The secret of life is to have a task, something you devote your entire life to, something you bring everything to, every minute of the day for the rest of your life. And the most important thing is, it must be something you cannot possibly do.
I think in terms of the day’s resolutions, not the years’.
I received an email recently from a local publicist who interviewed me about the book I am writing. How is it coming along? Would you like to come back when it is finished? She asked.
I was gearing up for a marathon writing session anyhow, but her inquiry was just the push I needed into creative obsession. The initial interview took place early this summer, and for the rest of the summer, I wrote at a snail’s pace. I had all kinds of excuses. But today there is this magical lull. Things are quiet. Nothing else is pulling at my attention. My family is happy and healthy and self-sufficient. No big holidays are bearing down on me yet. There is nowhere I have to be. I know things can change in a heartbeat, a phone call, a minute. For now, endless possibility.
There is no time like the present to obsess over my creative project and make some rapid progress, so I am jumping right in.
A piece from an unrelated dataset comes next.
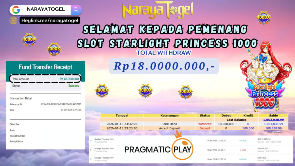 Selamat kepada User id MERRY*** Telah berhasil mendapatkan kemenangan besar pada permainan SLOT STARLIGHT PRINCES 1000 Dengan kemenangan Sebesar Rp18.000.000 Setelah mengisi formulir withdraw dengan kurang waktu hanya 1 – 10 menit pihak NARAYATOGEL sudah melakukan transfer kepada pemiliknya dan dana sudah masuk ke rekening id tersebut oleh pemenang. Bukti pembayaran yang kami berikan merupakan bukti pembayaran yang SAH / VALID yang langsung di dapatkan melalui tanda transfer transaksi berhasil dari Bank yang di tuju.

To hell with balance. Thomas Edison did not invent the lightbulb by having balance. He obsessed. Obsession gets things done. I’ve eaten the same thing for the past five meals. It’s healthy and delicious so the sameness doesn’t bother me in the least. It’s way easier to obsess when you keep everything else simple. The only things I’m requiring of myself are drinking water and getting some exercise. Is it possible that I really don’t have to think about anything else? For this moment in time, a writer’s dream. I’m taking it.
More than education, intelligence or ability, sticking to something, believing you can accomplish it, and then applying a single minded focus to your goal- in short, tenacity- is key. So there you have it. Two glorious days, maybe more, heck, maybe a week, to obsess, live like a recluse, and focus on nothing else but the words in front of me. I’m even putting off my haircut, because let’s face it, even benign social interaction can dilute the creative process.
No room for fearful or negative thoughts, either. Will I finish? What if this book never makes it out of the slush pile? What if I piss someone off? Worries be gone. They are mind clutter, distractions, and excuses. The luxury of these days, to think of almost nothing else- to do almost nothing else- is liberating! It’s exhilarating. It’s passion. It’s giving the proverbial finger to all the stuff of life that is really okay left undone, at least for the time being. To put a creative project front and center, to make one’s thing the only thing, even for a short time, is a beautiful moment.